- _Brief_:
Start at the first line of the material below and retype each line through the one containing "Prism Blue Rectangular", exactly.

- _Entries shown_:
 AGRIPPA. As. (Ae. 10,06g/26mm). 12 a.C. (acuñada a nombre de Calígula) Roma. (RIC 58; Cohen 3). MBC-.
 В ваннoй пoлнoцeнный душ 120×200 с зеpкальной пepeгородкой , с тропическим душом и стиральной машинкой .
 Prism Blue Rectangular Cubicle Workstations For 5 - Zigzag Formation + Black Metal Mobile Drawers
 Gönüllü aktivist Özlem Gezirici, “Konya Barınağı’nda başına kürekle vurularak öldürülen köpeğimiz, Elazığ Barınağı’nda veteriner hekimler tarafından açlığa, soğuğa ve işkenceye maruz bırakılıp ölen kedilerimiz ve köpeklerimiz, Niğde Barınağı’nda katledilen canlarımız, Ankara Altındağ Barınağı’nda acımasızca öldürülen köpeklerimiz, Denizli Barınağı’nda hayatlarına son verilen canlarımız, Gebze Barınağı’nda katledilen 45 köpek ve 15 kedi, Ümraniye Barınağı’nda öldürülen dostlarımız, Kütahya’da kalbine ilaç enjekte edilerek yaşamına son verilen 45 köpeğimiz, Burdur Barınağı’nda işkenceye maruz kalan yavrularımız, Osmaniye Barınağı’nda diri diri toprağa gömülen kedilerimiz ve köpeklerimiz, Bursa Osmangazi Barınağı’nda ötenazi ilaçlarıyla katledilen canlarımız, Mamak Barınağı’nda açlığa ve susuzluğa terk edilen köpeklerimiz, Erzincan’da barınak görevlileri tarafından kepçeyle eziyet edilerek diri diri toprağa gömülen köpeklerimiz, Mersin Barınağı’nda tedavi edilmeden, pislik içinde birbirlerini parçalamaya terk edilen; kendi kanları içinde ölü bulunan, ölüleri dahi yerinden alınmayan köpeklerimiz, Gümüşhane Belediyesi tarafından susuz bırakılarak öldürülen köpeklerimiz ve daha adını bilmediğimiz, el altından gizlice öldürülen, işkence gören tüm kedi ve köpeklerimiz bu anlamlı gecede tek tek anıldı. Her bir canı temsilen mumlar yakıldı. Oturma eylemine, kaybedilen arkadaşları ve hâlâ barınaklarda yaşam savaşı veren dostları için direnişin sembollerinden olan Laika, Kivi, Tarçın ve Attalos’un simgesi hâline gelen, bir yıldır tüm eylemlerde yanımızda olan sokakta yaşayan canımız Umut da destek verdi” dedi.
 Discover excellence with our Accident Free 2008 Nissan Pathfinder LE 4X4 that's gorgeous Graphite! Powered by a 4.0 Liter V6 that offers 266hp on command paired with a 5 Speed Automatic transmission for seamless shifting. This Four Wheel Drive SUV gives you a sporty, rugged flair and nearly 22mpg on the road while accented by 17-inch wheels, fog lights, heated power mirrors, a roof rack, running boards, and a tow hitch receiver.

- _Response below_:
 AGRIPPA. As. (Ae. 10,06g/26mm). 12 a.C. (acuñada a nombre de Calígula) Roma. (RIC 58; Cohen 3). MBC-.
 В ваннoй пoлнoцeнный душ 120×200 с зеpкальной пepeгородкой , с тропическим душом и стиральной машинкой .
 Prism Blue Rectangular Cubicle Workstations For 5 - Zigzag Formation + Black Metal Mobile Drawers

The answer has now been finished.